Helen Gardner: On "Burnt Norton"
The more familiar we become with Four Quartets, however, the more we realize that the analogy with music goes much deeper than a comparison of the sections with the movements of a quartet, or than an identification of the four elements as 'thematic material'. One is constantly reminded of music by the treatment of images, which recur with constant modifications, from their context, or from their combination with other recurring images, as a phrase recurs with modifications in music. These recurring images, like the basic symbols, are common, obvious and familiar, when we first meet them. As they recur they alter, as a phrase does when we hear it on a different instrument, or in another key, or when it is blended and combined with another phrase, or in some way turned round, or inverted. A simple example is the phrase 'a shaft of sunlight' at the close of 'Burnt Norton'. This image occurs in a rudimentary form in 'The Hollow Men', along with a moving tree and voices heard in the wind:
There, the eyes are
Sunlight on a broken column
There, is a tree swinging
And voices are
In the wind's singing
More distant and more solemn
Than a fading star.
At the close of 'Burnt Norton' a 'moment of happiness', defined in 'The Dry Salvages' as a 'sudden illumination' is made concrete by the image of a shaft of sunlight which transfigures the world:
Sudden in a shaft of sunlight
Even while the dust moves
There rises the hidden laughter
Of children in the foliage
Quick now, here, now, always --
Ridiculous the waste sad time
Stretching before and after.
This is the final concrete statement of what 'Burnt Norton' is about; but it recalls the experience we have been given in a different rhythm and with different descriptive accompaniments in the second half of the first movement, as the sun for a moment shines from the cloud, and the whole deserted garden seems to become alive:
Dry the pool, dry concrete, brown edged,
And the pool was filled with water out of sunlight,
And the lotos rose, quietly, quietly,
The surface glittered out of heart of light,
And they were behind us, reflected in the pool.

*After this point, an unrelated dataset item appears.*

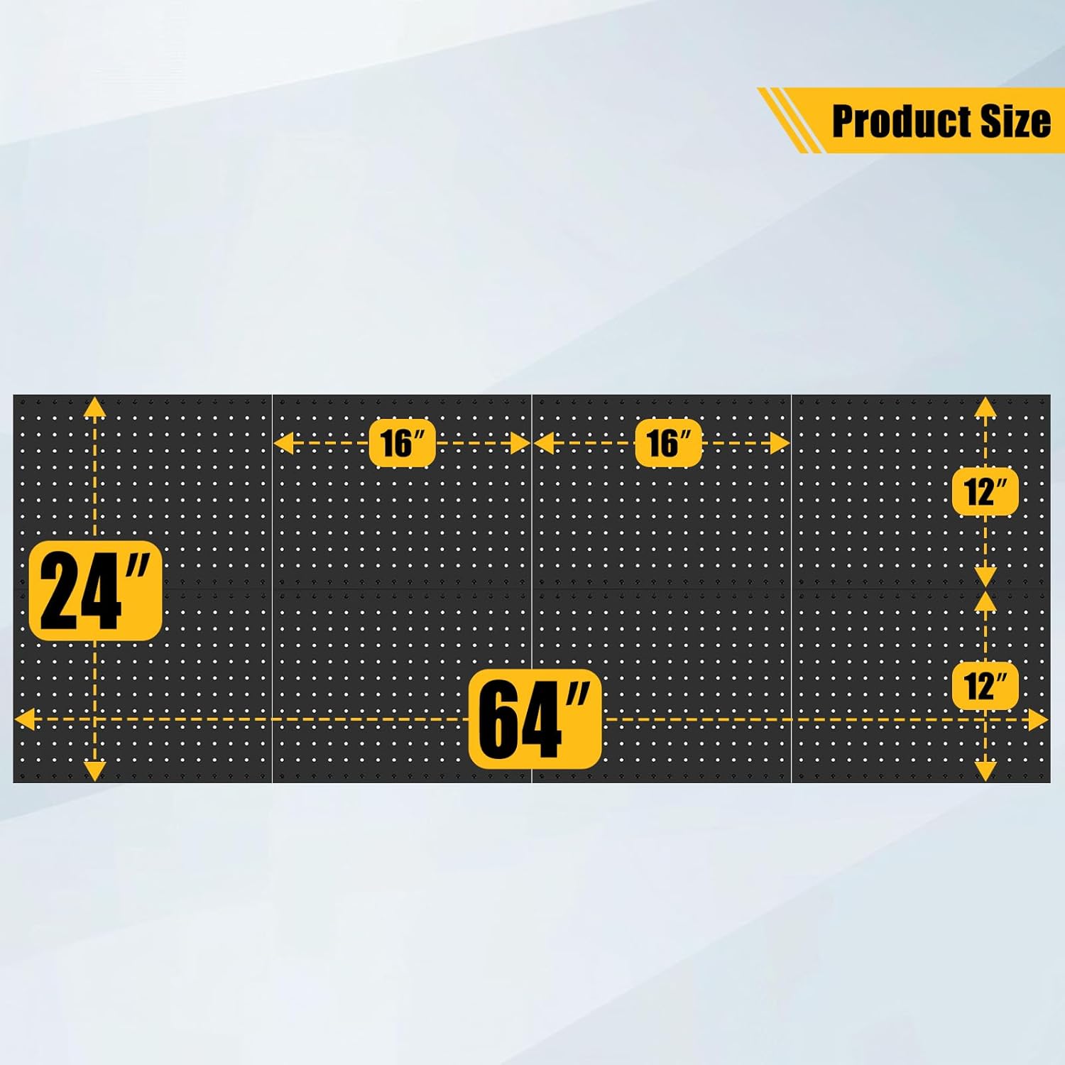 - Great for Tools Organization: This garage storage pegboard system can be DIY according to your storage needs. Each 16 x 12 inch pegboard with 1/4 inch holes, 8 pegboards can form a 48 x 32 / 64 x 24 pegboard wall. Suitable for organizing garage tools or garden tools and all kinds of tools. A nice choice for storing and holding your tools in kitchen, garage, utility room, basement or shed

Then a cloud passed, and the pool was empty.
The image repeated, but with such a difference, at the close establishes the validity of the first experience. Brief and illusory as it appears in the first movement, it has not been dismissed. It has remained in thought and it returns. Though
Time and the bell have buried the day,
The black cloud carries the sun away
when the 'sudden shaft' falls, it is time that seems the illusion.
From The Art of T.S. Eliot. Copyright © 1949 by The Cresset Press.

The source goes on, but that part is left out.